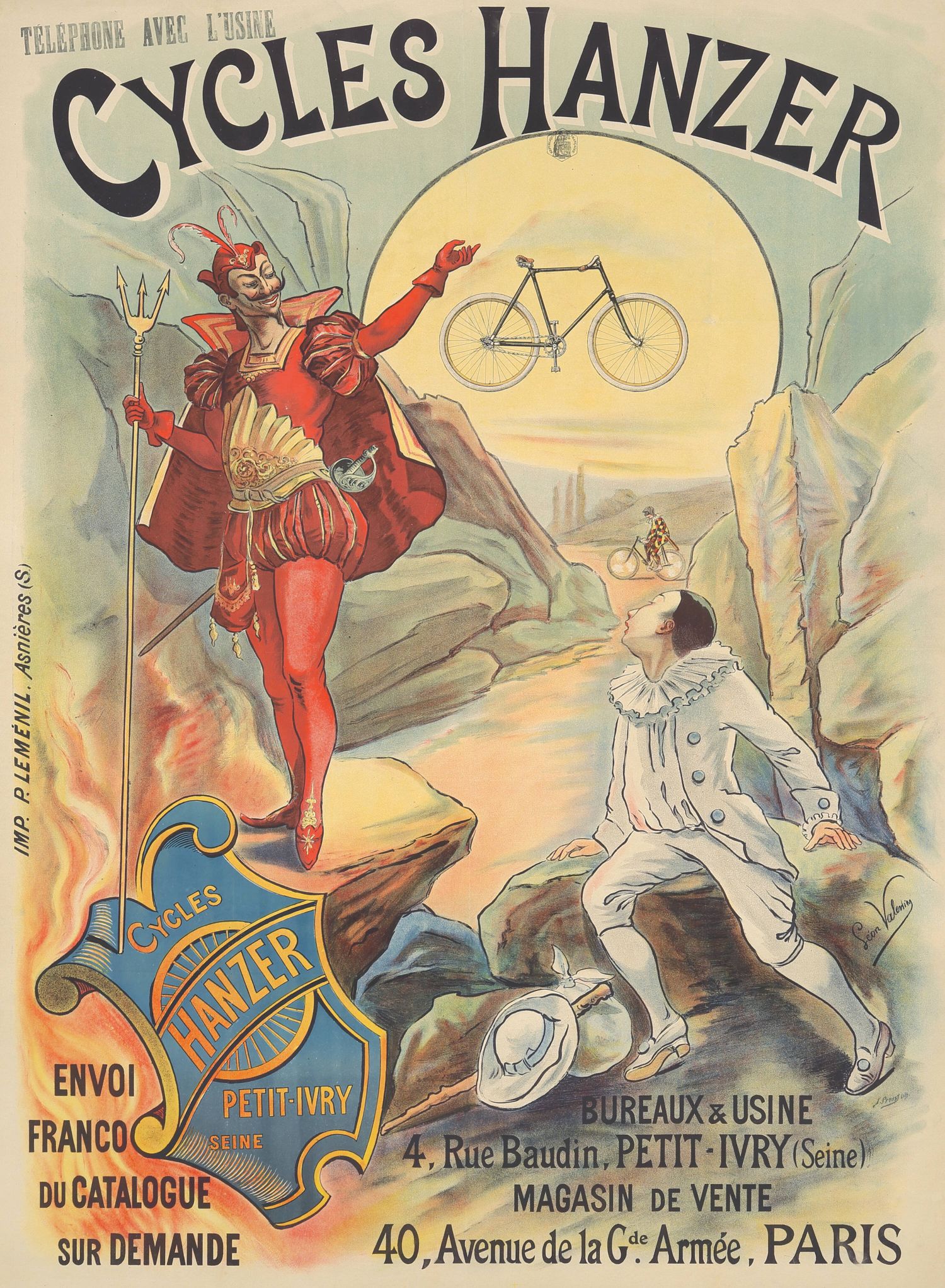 El cartel muestra una escena alegórica con una figura parecida a un diablo o sátiro y un personaje con vestimenta de Pierrot. Incluye información sobre la ubicación de la oficina, la fábrica y la tienda de venta de Cycles Hanzer en Petit-Ivry y París. También menciona la posibilidad de solicitar un catálogo de forma gratuita.
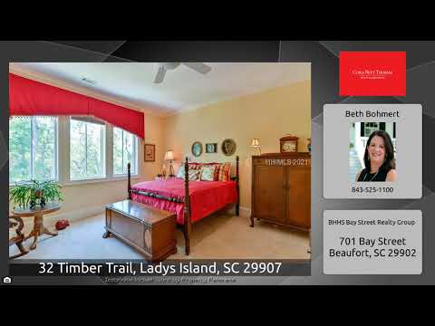 The Virtual Tour for the property at 32 Timber Trail, Ladys Island, SC 29907 listed for $998,000: Other homes for sale by Beth Bohmert of BHHS Bay Street Realty Group: Incredible, Cat Island custom home, located on its own point surrounded by tidal marsh protected by land conservancy on one side with no close neighboring homes. 4 BR, 4.5 BA. Open floor plan. Formal Dining room. Living Room has custom windows that soar allowing perfect views of outdoors. Gourmet kitchen: granite surfaces, custom cabinets, baking center, gas range & prep sink on island. Informal dining in kitchen. French …
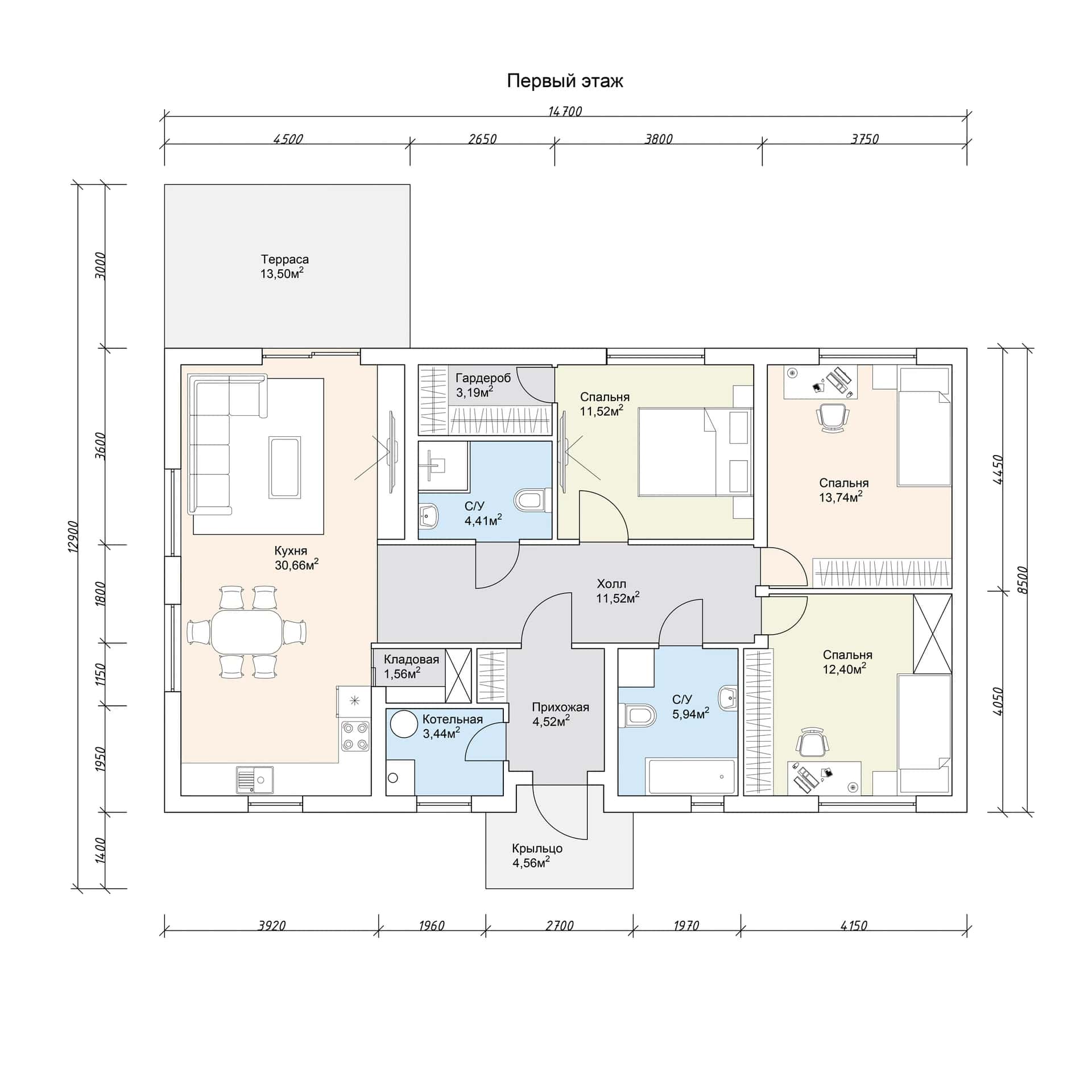 Размер дома: 14,7х12,9 м
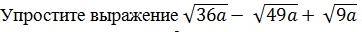 В подкорневых выражениях есть числа 36;49;9. Из них извлекаем корень.Получаем 6; 7;3 соответственно. Число "а" остается под корнем. Имеем (6 корней квадратных числа "а") -(7 корней квадратных числа "а")+3(корней квадратных числа "а")=2 корня квадратных числа "а"
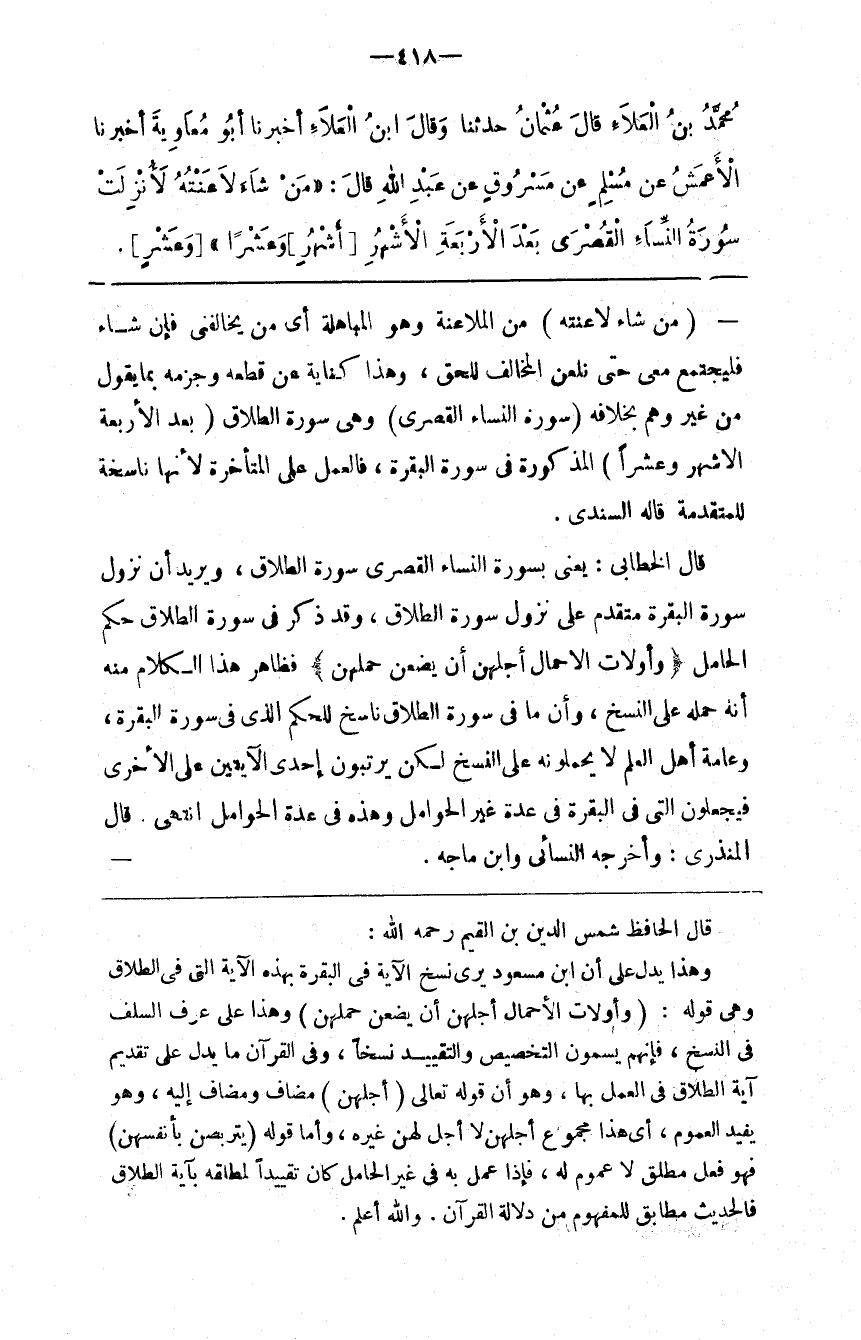قَالَ الْخَطَّابِيُّ : يَعْنِي بِسُورَةِ النِّسَاء الْقُصْرَى سُورَة الطَّلَاق ، وَيُرِيد أَنَّ نُزُول سُورَة الْبَقَرَة مُتَقَدِّم عَلَى نُزُول سُورَة الطَّلَاق ، وَقَدْ ذَكَرَ فِي سُورَة الطَّلَاق حُكْم الْحَامِل { وَأُولَاتُ الْأَحْمَال أَجَلُهُنَّ أَنْ يَضَعْنَ حَمْلَهُنَّ } فَظَاهِر هَذَا الْكَلَام مِنْهُ أَنَّهُ حَمَلَهُ عَلَى النَّسْخ ، وَأَنَّ مَا فِي سُوَرة الطَّلَاق نَاسِخ لِلْحُكْمِ الَّذِي فِي سُورَة الْبَقَرَة ، وَعَامَّة أَهْل الْعِلْم لَا يَحْمِلُونَهُ عَلَى النَّسْخ لَكِنْ يُرَتِّبُونَ إِحْدَى الْآيَتَيْنِ عَلَى الْأُخْرَى فَيَجْعَلُونَ الَّتِي فِي الْبَقَرَة فِي عِدَّة غَيْر الْحَوَامِل ، وَهَذِهِ فِي عِدَّة الْحَوَامِل اِنْتَهَى . قَالَ الْمُنْذِرِيُّ : وَأَخْرَجَهُ النَّسَائِيُّ وَابْن مَاجَهْ .@
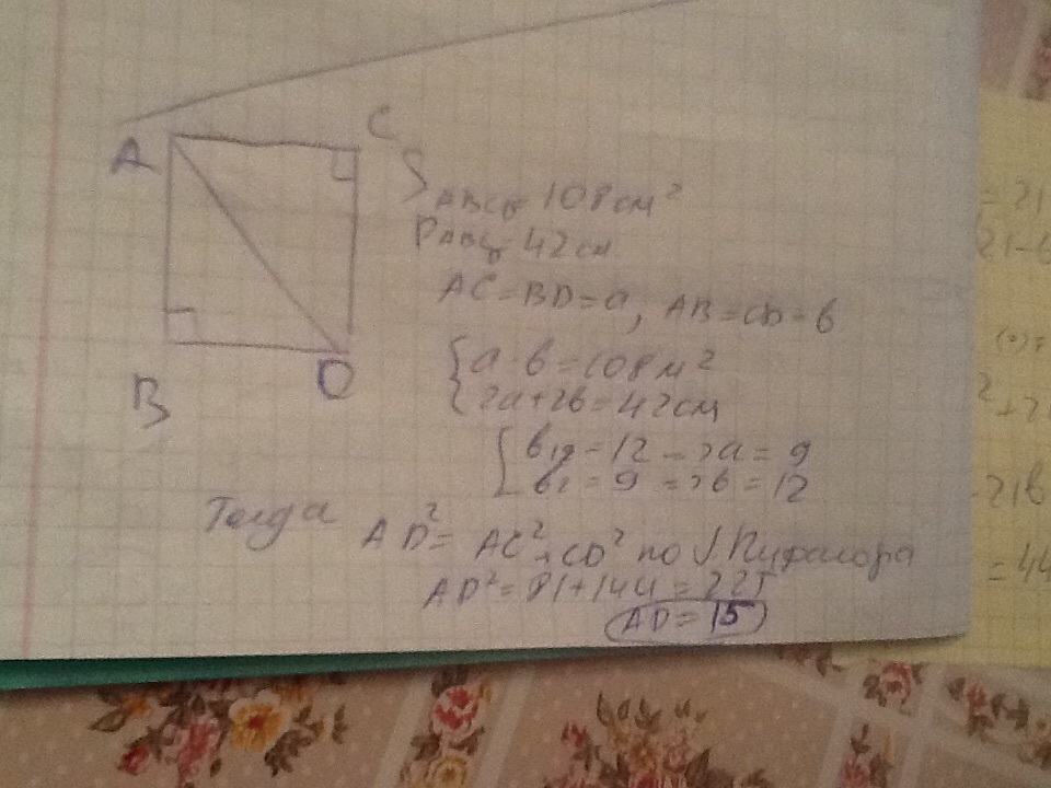 площадь прямоугольника равна 108 см в квадрате, а его периметр 42 см. Сколько см составляет диагональ данного прямоугольника?

▸ **Task to complete**
Given the records above, return the lines starting at the one that holds "Размер дома: 14,7х12,9 м" and ending at the one that holds "В подкорневых выражениях", exactly, and nothing besides; leave every picture out.

▸ **Output of the exercise**
 Размер дома: 14,7х12,9 м
 В подкорневых выражениях есть числа 36;49;9. Из них извлекаем корень.Получаем 6; 7;3 соответственно. Число "а" остается под корнем. Имеем (6 корней квадратных числа "а") -(7 корней квадратных числа "а")+3(корней квадратных числа "а")=2 корня квадратных числа "а"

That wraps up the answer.